Kirnahar is a village in Nanoor CD block in Bolpur subdivision of Birbhum district in the Indian state of West Bengal.

== Administration ==
Kirnahar I & II are village panchayats (local self-government) under Nanoor Panchayat Samity of Birbum Zilla Parishad. A police station, since 2022, is located at Kirnahar.

==Geography==

===Location===
Kirnahar is located at . It has an average elevation of 29 m.

Kirnahar is located in the south-eastern corner of the district which is an alluvial plain between Ajay River and Mayurakshi River. It has hot and dry summers, spread over March - May, followed by the monsoon from June to September. 78 per cent of the rainfall occurs during this period.

==Healthcare==
There is a primary health centre at Kirnahar (with 10 beds).

== Education ==
Kirnahar has two higher secondary schools. They are:
- Kirnahar Shib Chandra High School
- Kirnahar Tarapado Memorial Girls High School

The first one is one of the oldest schools in Birbhum (Estd. 1895).

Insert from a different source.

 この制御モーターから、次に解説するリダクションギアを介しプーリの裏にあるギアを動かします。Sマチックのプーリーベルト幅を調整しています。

It was established on the land donated by the local Sarkar zamindar Pioneere Babu Shib Chand Sarkar. His three sons established Shib Chandra High School in 1895. The school produced many great personalities who made their marks in political, cultural and scientific world.

There are 9 government-aided primary schools:

- Kirnahar Junior Basic School
- Uttar Kirnahar Primary School
- Kirnahar Nabin Chandra Smriti Primary School
- Kirnahar Laxmimata Primary School
- Parota Primary School
- Maheshgram Primary School
- Nimrha Primary School
- Sankha's School
- Kirnahar Nimna Buniyadi Vidhyalay (Near Bhadra Kalimata Mandir)

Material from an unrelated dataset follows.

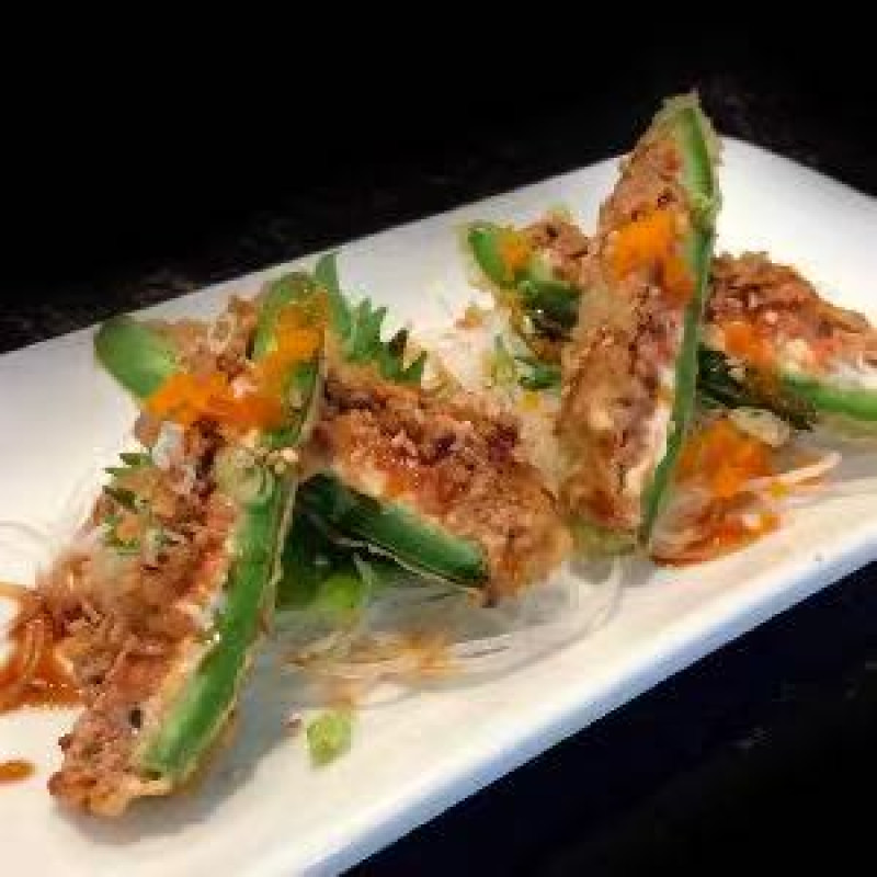 Deep fried w. spicy tuna, crabmeat & avocado in sweet spicy sauce

Kirnahar has one government sponsored library — Kirnahar Rabindra Smriti Samity Town Library. The library was established on 17 August 1941 (32nd Shravana, 1348 B.S.) just ten days after the demise of the notable poet/polymath Rabindranath Tagore. The founder-secretary was Krishnagopal Chandra. In 1957 it became sponsored by the West Bengal Government. Satyaranjan Sengupta was the first employed librarian. It was upgraded to a Town Library in 1986. During 2015, the library possessed over 15,000 books and had over 1,400 members.

== Notable residents==
- Pranab Mukherjee, former President of India, was born at Mirati, Kirnahar

== Transport ==
Kirnahar railway station is midway station on the 52 km Ahmedpur Katwa Railway. It is well-connected by bus routes with Sainthia, Bolpur, Ahmedpur, Suri, Mallarpur and Rampurhat of this district and also with different places of the adjacent districts of Murshidabad and Burdwan. Three buses also run to Kolkata from this little town at 5:15 am, 6:00 am and 6:10 am.